I agree that something ought to be done here, but I'm not sure that
this is exactly what.  It appears to me that there are three related
but distinct behaviors under discussion:

1. Truncation of bind parameters returned to clients in error message
   detail fields.
2. Truncation of bind parameters written to the server log in logged
   error messages.
3. Truncation of bind parameters written to the server log in non-error
   statement logging actions (log_statement and variants).

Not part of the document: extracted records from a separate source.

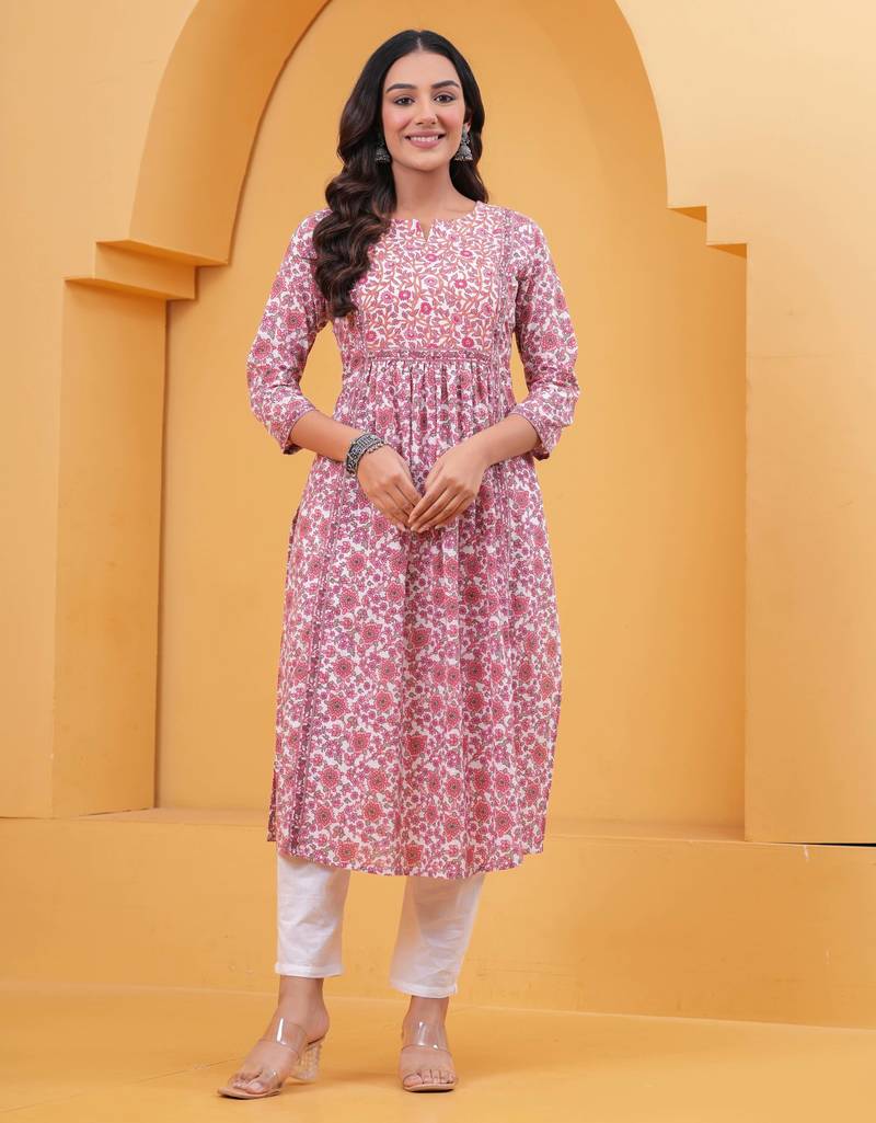 • Product Id : 4690405 • Package Details : 1 Kurta • Type : Ethnic Kurtis • Occasion : Casual • Work : Printed • Type : Floral Print • Look : Designer • Sleeve : Quarter Sleeve • Neck Style : Round Neck • Color : Pink • Fabric : Pure Cotton • Stitching : Stitched • Length : 44.0 • Side Slit : Yes Payments [+]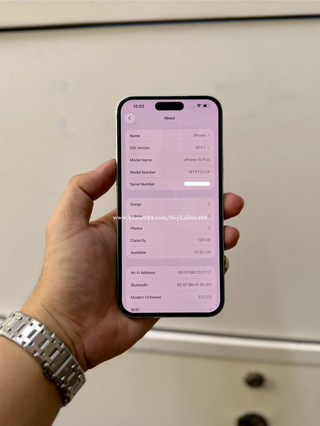 iPhone 15 Plus 128G មួយទឹក lock simមិនបាច់ទ្រាប់ទ្រនាប់ស៊ីម ដាក់ស៊ីមប្រើយកម៉ង ( សុីម2 ) Free Case, Screen, ឆ្នាំងសាក,លែន អ្វីដែលអ្នកឃើញគឺជាអ្វីដែលអ្នកទទួលបាន អីវ៉ាន់នៅក្នុងរូបយ៉ាងម៉េច នៅក្រៅគឺយ៉ាងនោះ។ ធានាលើ ថាច់ និងម៉ាស៊ីន 1ខែ ទីតាំង ទឹកល្អក់៣ ទួលគោក ភ្នំពេញ Tell:086908xxxClick To Call Telegram Tell:0888708xxxClick To Call Telegram: https://t.me/SeyLa_Bee Channel: https://t.me/iPhoneBSL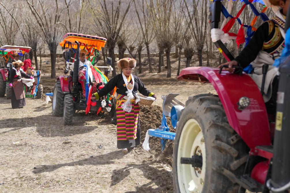 3月16日,山南市結(jié)巴鄉(xiāng)結(jié)巴村村民為拖拉機(jī)手和播撒種子的婦女獻(xiàn)上哈達(dá)。新華社記者晉美多吉 攝

Historically we haven't truncated any of these, I believe.  As of
ba79cb5dc we forcibly truncate #1 and #2 at 64 bytes, but not #3.
Your patch proposes to provide a SUSET GUC that controls the
truncation length for all 3.

I think that the status quo as of ba79cb5dc is entirely unacceptable,
because there is no recourse if you want to find out why a statement
is failing and the reason is buried in some long parameter string.
However, this patch doesn't really fix it, because it still seems
pretty annoying that you need to be superuser to adjust what gets
sent back to the client.  Maybe that isn't a problem in practice
(since the client presumably has the original parameter value laying
about), but it seems conceptually wrong.

On the other hand, that line of reasoning leads to wanting two
separate GUCs (one for #1 and one for the other two), which seems
like overkill, plus it's going to be hard/expensive to have the
outputs for #1 and #2 not be the same.

I do agree that it seems weird and random (not to say 100% backward)
that error cases provide only truncated values but routine query
logging insists on emitting full untruncated values.  I should think
that the most common use-cases would want it the other way round.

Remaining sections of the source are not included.